When it got really busy I could not hear my wife, even with my hearing aids cranked. This lasted a few minutes and I ended up playing 2 pieces solo and things 'calmed' down. I think we might have been competing for talking time and pushed their volumes up.

So we get home have a bowl of greul and some stale bread toasted and slathered with an animal byproduct. And my wife explains that she started player an octave above the normal one. Of course a flute player would know she has a crappy flute, no foot on it, and C is a chore at the bottom. Anyway she says if you play higher an octave it's easier to hear. Maybe for her. I have to get her to drag the thing out and play way up, maybe she's going past my hearing.

So I say (and when it comes to the 2 of us I remind her I'm always right cough cough) the higher the pitch the less distance it will travel.

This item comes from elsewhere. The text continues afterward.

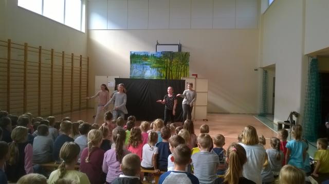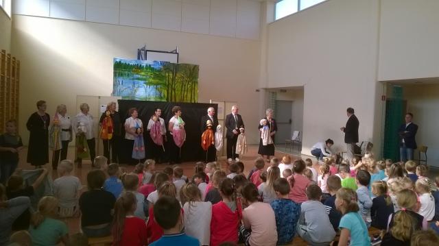 W czwartkowe przedpołudnie 28 września 2017r. grupa teatralna prowadzona pod okiem instruktora p. Krystyny Drozdowskiej-Szychowiak wyjechała z przedstawieniem kukiełkowym pt. „Pniewy w legendach” do Szkoły Podstawowej w Nojewie. Dzieci z zaciekawieniem słuchały i oglądały akcje w oknie teatralnym. W podziękowaniu młodzież szkolna zatańczyła dla Seniorów - aktorów
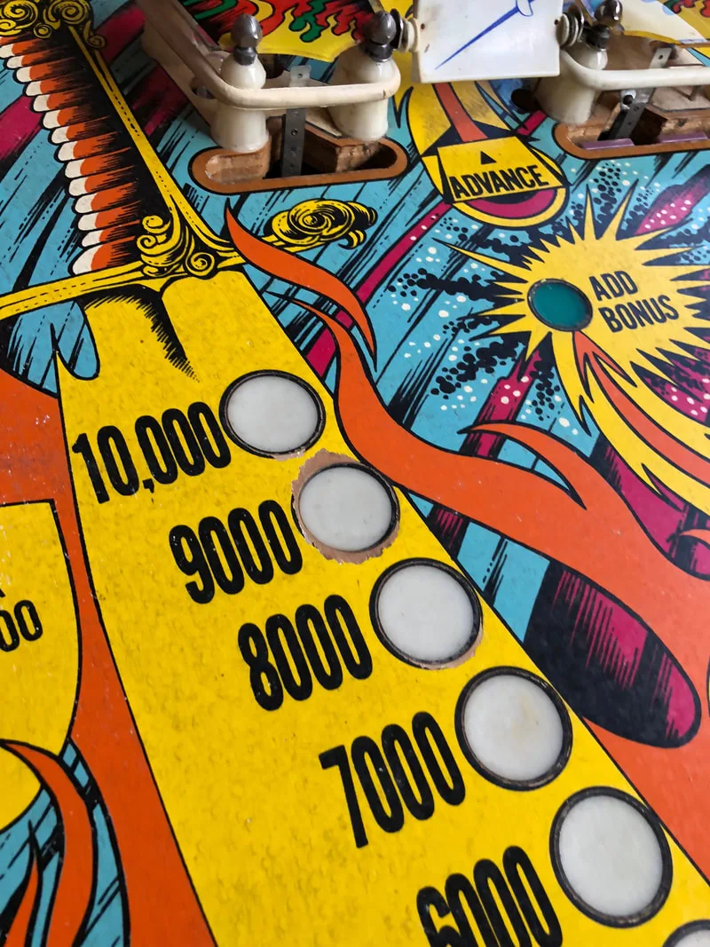 Some patches of paint were missing around the bonus inserts. The 9000 insert was the most affected, with only minor bits of paint removed from the 8000 and 10,000 inserts. These inserts are a little sunken from age, heat stress, and material shrinkage. Therefore the ball tends to bounce around a little when rolling over them. The uneven surface results in wear where the ball gets pushed upwards, on either side of the 9000 insert. The colours here are relatively easy to match; just yellow and black. You'll need a steady hand here to get the key lines around the inserts just right.

She says, "where do you come up with this crap?", and I reply, for the guys on the forum, they taught me this stuff, or I learned it in physics. (Don't mention the latter, I ran the high school physics department for 3 years LOL, I did all the work, set ups, lab tech, clean gear etc. super nerd), and I remember all kinds of things she wants me to forget. I digress, again.

SO, the questions are:

1. Does a higher pitched sound carry the same as the lower pitch at the same 'intensity'?

2. Would using a mic in that setting (I just didn't take one), help or would the 'audience' talk louder.

BTW, they always make a choir of 90 year old women who have christmas song sheets and yell out numbers. Right in the middle somewhere on old gal says When Irish Eyes are smiling. I had worked that out last week so I launched into it and told the flute player beside me where it was on her music stand. What a hoot. We went back go Angels we have heard on high. I've heard some when I'm high. (The latter is legal for me now).

I hope she's going to like the new yamaha flute I'm giving her for christmas.